Southern Co. did not make an official available to explain its association with Soon. Company spokeswoman Jeannice Hall issued a brief statement that the company "funds a broad range of research on a number of topics that have potentially significant public policy implications for our business."

Agreements such as those between Soon and Southern raised troubling issues, according to Juscelino Colares, a professor of law and associate director of the Frederick K. Cox International Law Center at Case Western Reserve University School of Law in Cleveland.

"It all goes to the matter of credibility," said Colares, who teaches courses on international environmental law. "Why are they hiding something? Why are they giving non-science the weight of science? This is manipulation that gives the funder the last word."

Davies said the close relationship with industry that the Soon documents reveal raises doubts about the impartiality that is supposed to come with scientific research.

"It shows that he is not just being funded to do science but to impact the public policy arena," Davies said.

As part of a final report to Southern in 2011 outlining the papers and presentations he produced for a $60,000 grant, Soon explained the policy relevance of the research he delivered:  "The hypothesized dangerous consequences of rising atmospheric CO2 are too speculative for responsible regulatory policy."

In announcing the completion of his 2009 sun-climate paper to Koch foundation executives, who had contributed $65,000 to fund the study, Soon said his findings were consistent with the hypothesis that the sun causes climatic change in the Arctic.

"It...raises serious questions about the wisdom of imposing cap-and-trade or other policies that would cripple energy production and economic activity, in the name of preventing catastrophic climate change," Soon told the executives in a 2009 email.

One study Soon published—funded by Southern and the Koch foundation—has stirred the debate about the fate of polar bears in the face of climate change and the loss of sea ice.

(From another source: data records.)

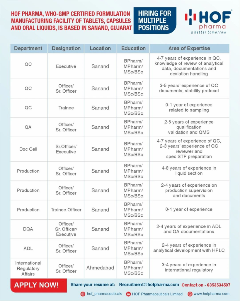Freshers Pharma Jobs in QC QA Production at HOF Pharmaceuticals roles in Gujarat for freshers and experienced pharma professionals.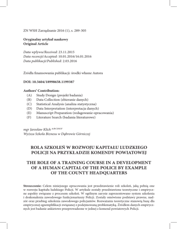 rola szkoleń w rozwoju kapitału ludzkiego policji na przykładzie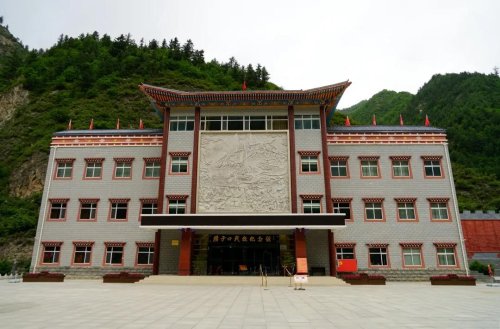 沿著迭部的山路逶迤前行,只見道路兩旁紅旗招展,一個(gè)個(gè)五角星掛在樹上隨風(fēng)搖曳,紅色的民宅依山而建,墻面上刻畫著紅軍故事,紅房碧草黛山在藍(lán)天白云的映襯下甚是吸睛,碩大的“紅色臘子口”標(biāo)語,無不提醒著我們,臘子口近了更近了。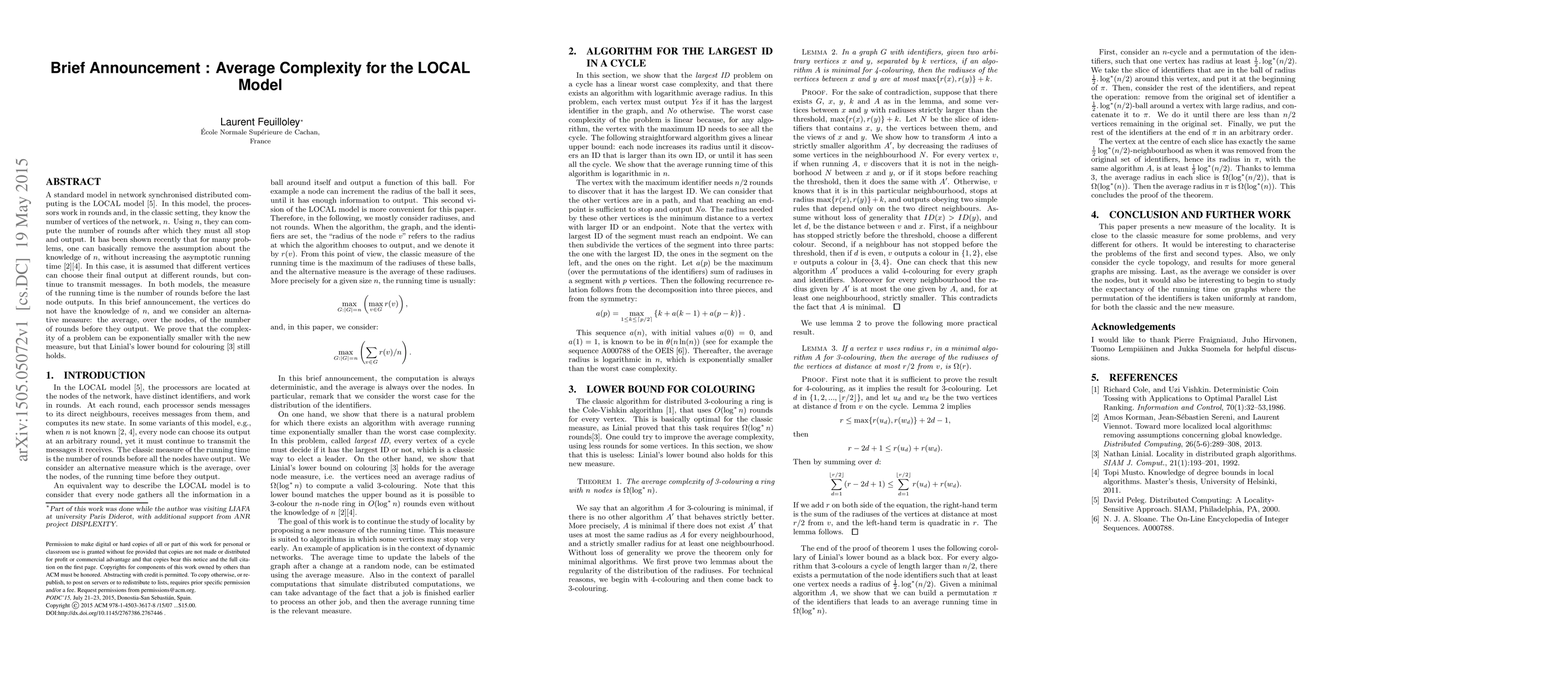 A standard model in network synchronised distributed computing is the LOCAL model. In this model, the processors work in rounds and, in the classic setting, they know the number of vertices of the network, $n$. Using $n$, they can compute the number of rounds after which they must all stop and output. It has been shown recently that for many problems, one can basically remove the assumption about the knowledge of $n$, without increasing the asymptotic running time. In this case, it is assumed that different vertices can choose their final output at different rounds, but continue to transmit messages. In both models, the measure of the running time is the number of rounds before the last node outputs. In this brief announcement, the vertices do not have the knowledge of $n$, and we consider an alternative measure: the average, over the nodes, of the number of rounds before they output. We prove that the complexity of a problem can be exponentially smaller with the new measure, but that Linial's lower bound for colouring still holds.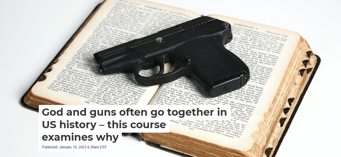 Hopefully this course will equip students to coherently answer the question of why American religious culture is so intertwined with gun culture – especially if the subject comes up at Thanksgiving dinner.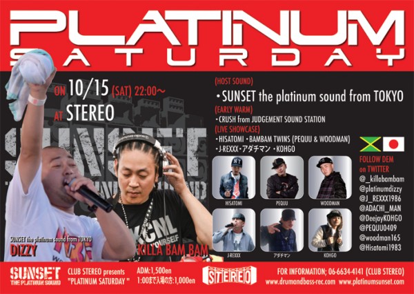 2011.10.15(Sat) [ Platinum Saturday ] SUNSET the platinum sound at Club Stereoby nekomaSTEREO SCHEDULE2011/09/27 2011.10.15(Saturday) [ Platinum Saturday ] DJ: Host Sound: Sun Set the platinum sound, Early Warm: Crush Live Showcase: Hisatomi,BamBam Twins(Pequu & Woodman),J-Rexxx,アダチマン,Kohgo Genre: Dancehall ADM: 1500Yen (1PMまで入場の方: 1000Yen) 10:00PM〜

In the study, Soon dismissed the idea that polar bears in the Canadian Arctic were at risk from the impacts of climate change—and questioned whether the region was even warming at all.

Davies said Soon's polar bear research goes to the heart of how the industry employs research like Soon's to deflect attention from the true cause of global warming.

"Climate change isn't something you can go out and see like a polluted river," he said. "But with the polar bears, all of a sudden you could see the results of climate change."

They were starving as their hunting grounds melted away, and people were beginning to connect all of this to the consequences of fossil fuel and atmospheric carbon, Davies said.

"So the companies are happy having Willie Soon out there," he said "These companies are paying him to go out in the world to cast doubt."

InsideClimate News reporters Lisa Song and Sabrina Shankman contributed to this report.